= Beginning of Section =

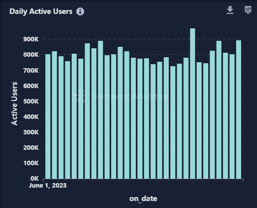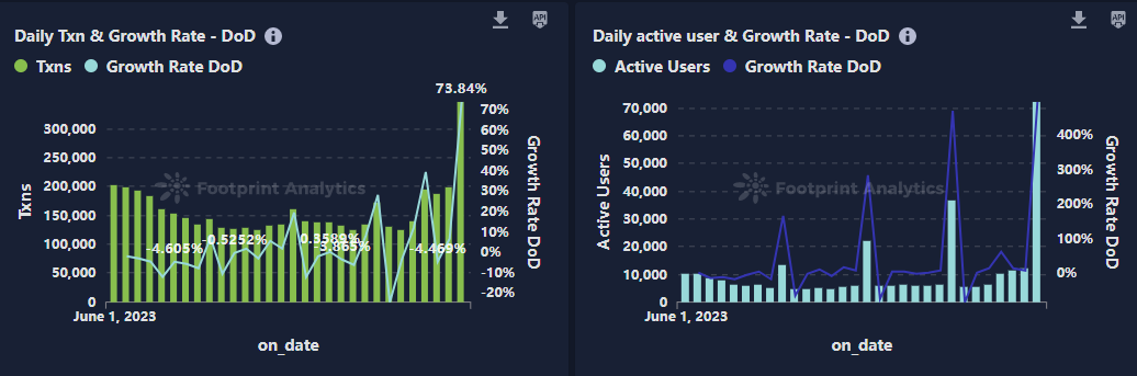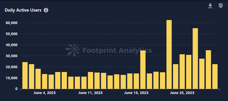 本月区块链游戏的日活用户在 70 万到 100 万之间波动。然而,在 6 月 23 日,活跃用户数量上涨到了 16.6 万,其中 Walken 相较前一天增加了 47,459 名用户,对此次增长贡献显著。这一数据激增反映了加密货币游戏用户基础相对较小,单个游戏的增长就可以影响整体市场的数据。
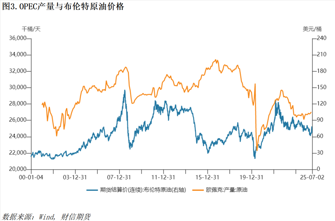 但从历史上大部分时间来看,油价与OPEC+产量呈现正相关性。在衰退期,即使OPEC+减产也难以逆转油价下行趋势;在经济增长期,OPEC+增产伴随原油消费扩张,OPEC+增产被市场解读为“供应过剩即将结束”的信号,反而刺激投机性买盘推高价格。
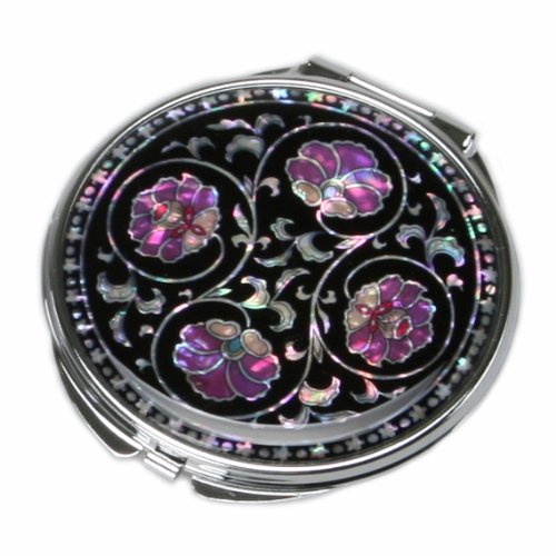 Mother of Pearl Purple Flower Black Double Compact Handbag Purse Makeup Cosmetic Pocket Hand Mirror, 3.2 Ounce
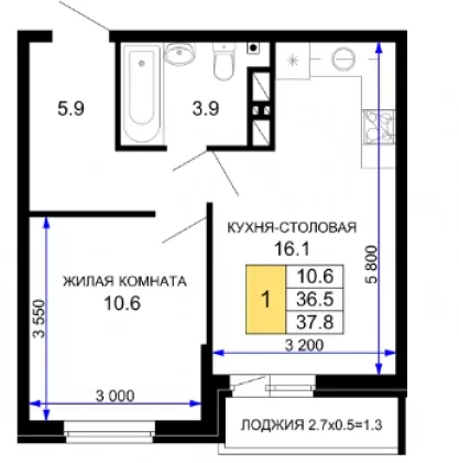 Просторная квартира,площадью 40м2,в предчистовой отделке.
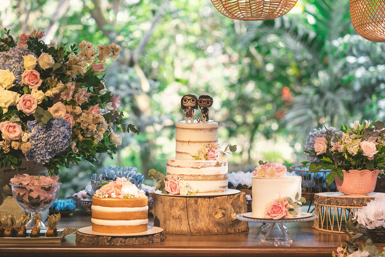 A Sweet Wedding Decor caprichou em cada detalhe. A mesa do bolo nos entrega a paleta de cores romântica clássica: branco, rosa e azul.
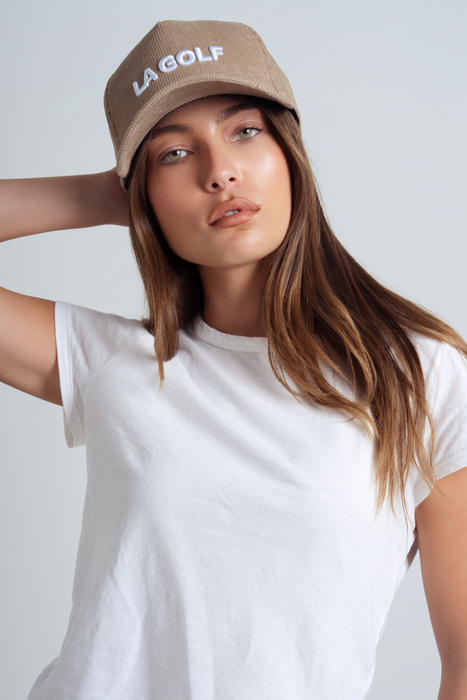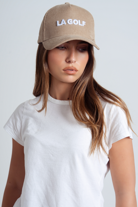 Five-panel mid-profile adjustable hat with a plastic snapback closure and a one-size-fits-most design. Corduroy fabric with white embroidered logo.

= End of Section =

(PROBLEM DETAILS): Begin at the line containing "Mother of Pearl" and transcribe exactly every line through the end of the records, both ends included, leaving the pictures out.

(COMPLETED TASK):
 Mother of Pearl Purple Flower Black Double Compact Handbag Purse Makeup Cosmetic Pocket Hand Mirror, 3.2 Ounce
 Просторная квартира,площадью 40м2,в предчистовой отделке.
 A Sweet Wedding Decor caprichou em cada detalhe. A mesa do bolo nos entrega a paleta de cores romântica clássica: branco, rosa e azul.
 Five-panel mid-profile adjustable hat with a plastic snapback closure and a one-size-fits-most design. Corduroy fabric with white embroidered logo.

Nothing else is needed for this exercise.